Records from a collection
• • • • • • •

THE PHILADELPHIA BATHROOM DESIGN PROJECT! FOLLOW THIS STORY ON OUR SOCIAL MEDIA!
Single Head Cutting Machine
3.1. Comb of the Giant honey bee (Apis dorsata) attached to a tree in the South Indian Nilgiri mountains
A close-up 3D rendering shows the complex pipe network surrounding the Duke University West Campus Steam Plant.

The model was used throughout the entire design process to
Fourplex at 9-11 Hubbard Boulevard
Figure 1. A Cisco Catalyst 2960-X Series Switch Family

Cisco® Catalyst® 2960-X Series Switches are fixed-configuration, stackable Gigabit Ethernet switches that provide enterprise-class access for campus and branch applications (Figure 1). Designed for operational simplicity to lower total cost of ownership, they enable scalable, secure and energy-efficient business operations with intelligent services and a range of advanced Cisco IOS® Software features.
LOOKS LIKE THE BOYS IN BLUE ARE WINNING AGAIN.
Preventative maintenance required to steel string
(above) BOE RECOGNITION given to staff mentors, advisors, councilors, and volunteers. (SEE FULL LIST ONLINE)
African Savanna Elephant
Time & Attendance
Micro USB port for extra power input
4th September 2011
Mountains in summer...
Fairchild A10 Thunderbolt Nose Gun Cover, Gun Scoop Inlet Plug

• • • • • • •

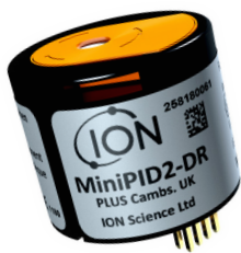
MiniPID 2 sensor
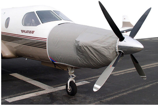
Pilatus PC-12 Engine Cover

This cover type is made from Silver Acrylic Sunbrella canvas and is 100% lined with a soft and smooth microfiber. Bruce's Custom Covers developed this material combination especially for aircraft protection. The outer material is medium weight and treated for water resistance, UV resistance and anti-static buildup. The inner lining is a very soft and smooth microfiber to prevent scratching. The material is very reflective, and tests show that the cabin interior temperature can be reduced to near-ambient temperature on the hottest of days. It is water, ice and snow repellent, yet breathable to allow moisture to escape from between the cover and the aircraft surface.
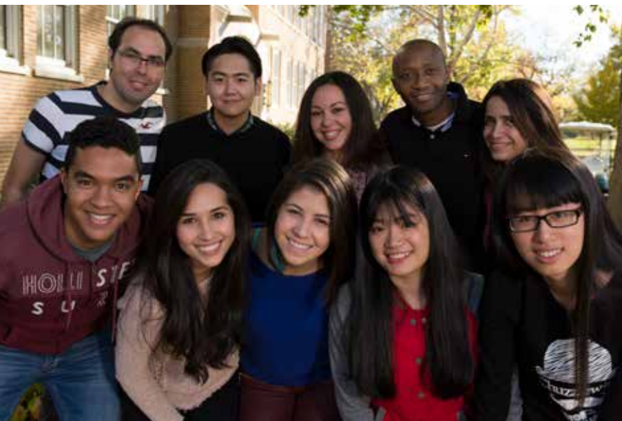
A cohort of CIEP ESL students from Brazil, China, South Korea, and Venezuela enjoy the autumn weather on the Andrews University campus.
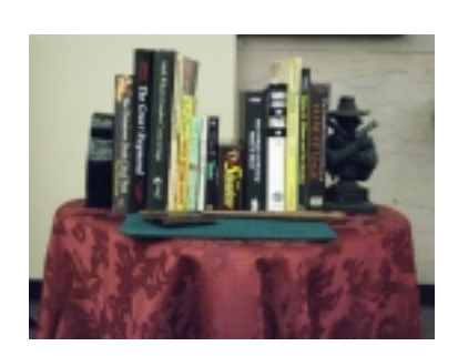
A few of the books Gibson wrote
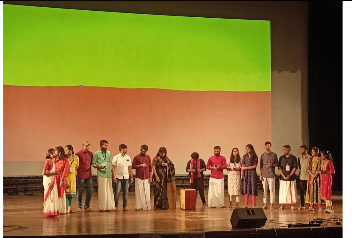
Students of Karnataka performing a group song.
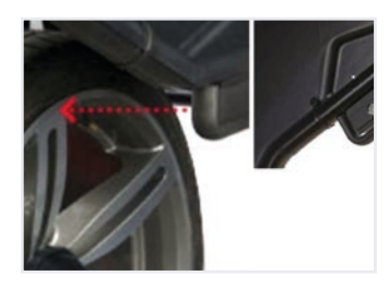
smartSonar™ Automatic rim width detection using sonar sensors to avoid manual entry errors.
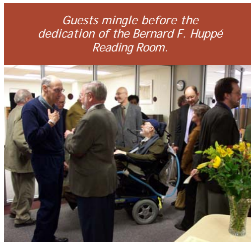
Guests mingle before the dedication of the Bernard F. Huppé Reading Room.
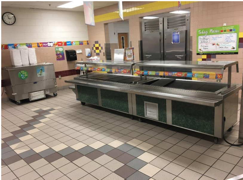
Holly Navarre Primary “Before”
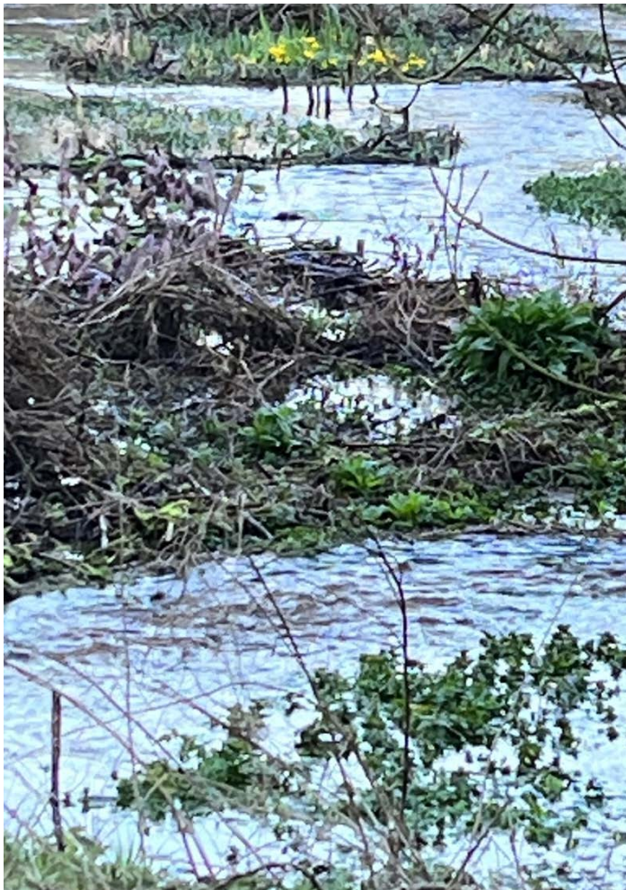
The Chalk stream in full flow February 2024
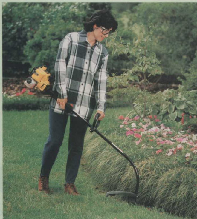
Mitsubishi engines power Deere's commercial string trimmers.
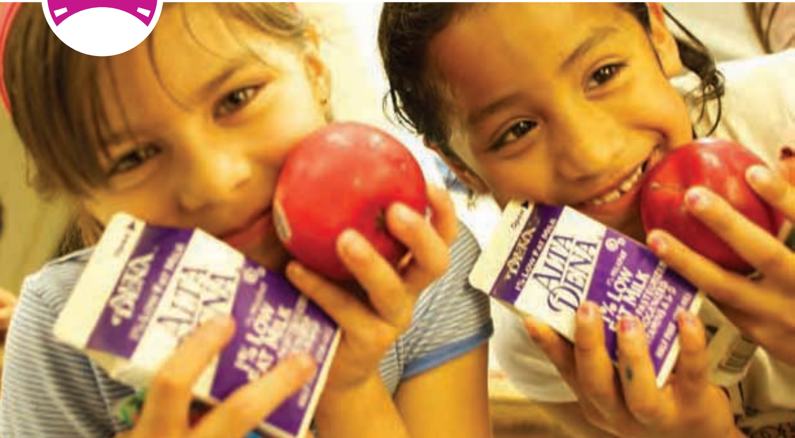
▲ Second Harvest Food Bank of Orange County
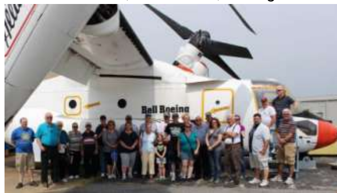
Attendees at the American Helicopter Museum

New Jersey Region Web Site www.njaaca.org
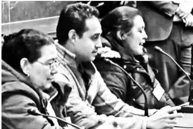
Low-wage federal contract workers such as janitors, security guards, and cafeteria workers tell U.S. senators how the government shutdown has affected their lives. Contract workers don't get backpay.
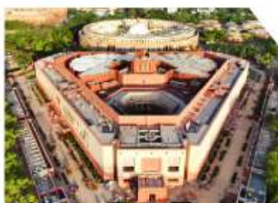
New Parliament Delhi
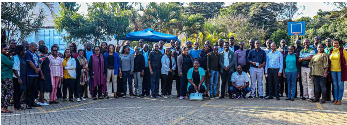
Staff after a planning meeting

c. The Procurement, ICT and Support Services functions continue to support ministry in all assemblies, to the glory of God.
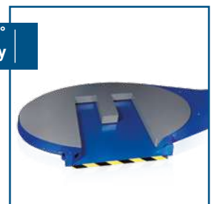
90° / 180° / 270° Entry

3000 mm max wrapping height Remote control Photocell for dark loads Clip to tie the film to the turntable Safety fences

• • • • • • •

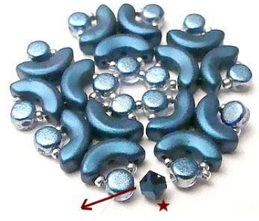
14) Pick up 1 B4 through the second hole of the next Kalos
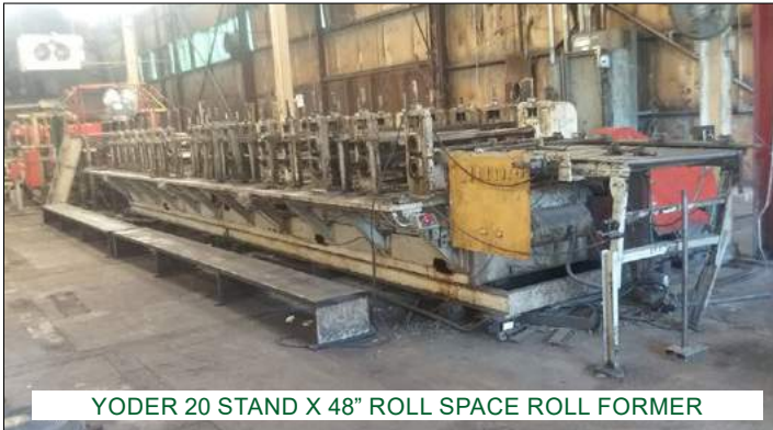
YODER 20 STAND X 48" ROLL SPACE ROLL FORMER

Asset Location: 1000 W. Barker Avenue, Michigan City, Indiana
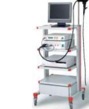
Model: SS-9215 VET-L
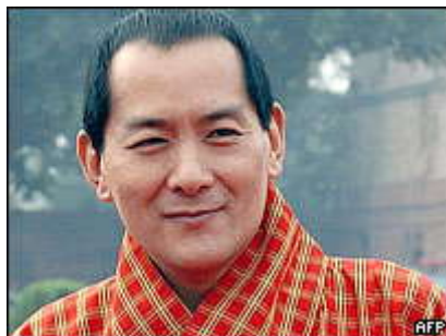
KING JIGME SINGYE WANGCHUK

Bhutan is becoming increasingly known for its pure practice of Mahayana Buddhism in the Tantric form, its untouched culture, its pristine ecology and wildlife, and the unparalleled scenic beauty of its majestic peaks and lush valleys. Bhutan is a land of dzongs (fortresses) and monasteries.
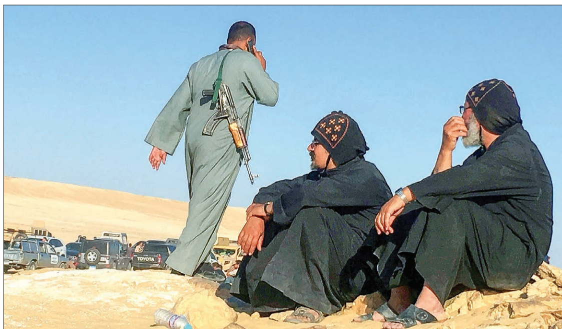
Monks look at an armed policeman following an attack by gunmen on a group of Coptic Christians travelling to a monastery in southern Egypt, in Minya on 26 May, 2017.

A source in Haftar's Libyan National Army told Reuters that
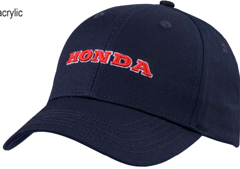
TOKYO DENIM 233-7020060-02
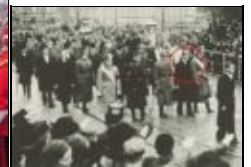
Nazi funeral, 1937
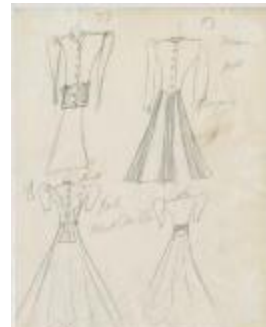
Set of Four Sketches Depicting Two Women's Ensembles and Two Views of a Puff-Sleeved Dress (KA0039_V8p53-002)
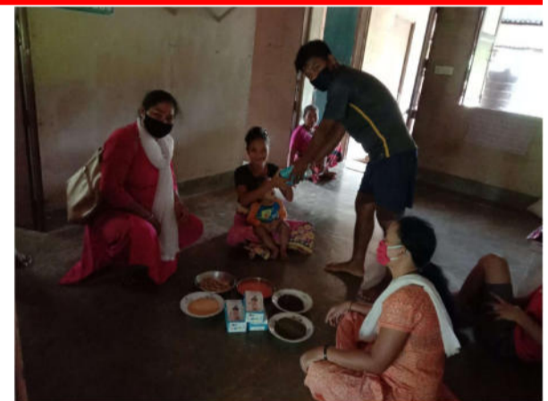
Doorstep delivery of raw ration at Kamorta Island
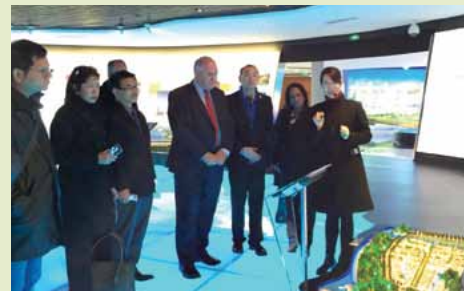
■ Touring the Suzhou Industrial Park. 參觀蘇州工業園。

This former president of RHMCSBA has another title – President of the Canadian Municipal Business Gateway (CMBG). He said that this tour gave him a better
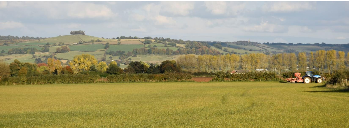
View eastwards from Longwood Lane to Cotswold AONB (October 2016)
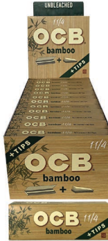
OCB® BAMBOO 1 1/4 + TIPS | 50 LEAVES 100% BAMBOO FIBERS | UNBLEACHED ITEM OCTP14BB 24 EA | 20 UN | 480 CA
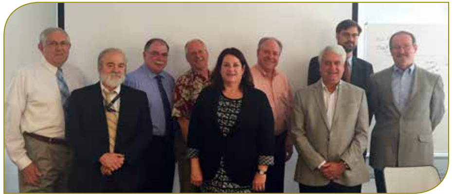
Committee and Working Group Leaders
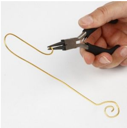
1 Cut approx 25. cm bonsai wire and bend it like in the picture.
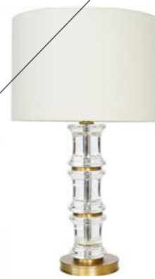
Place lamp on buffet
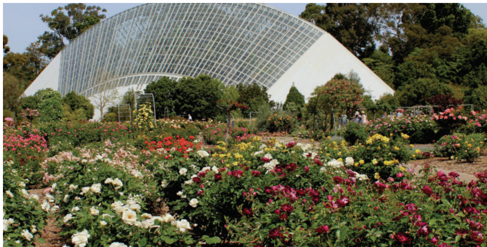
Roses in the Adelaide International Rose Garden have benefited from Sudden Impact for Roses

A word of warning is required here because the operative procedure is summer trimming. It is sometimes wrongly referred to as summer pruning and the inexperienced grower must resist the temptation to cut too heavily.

• • • • • • •

**PROBLEM STATEMENT:**
Filter the data above down to lines with the word "power", and copy them.

**SOLVED EXERCISE:**
Micro USB port for extra power input
Mitsubishi engines power Deere's commercial string trimmers.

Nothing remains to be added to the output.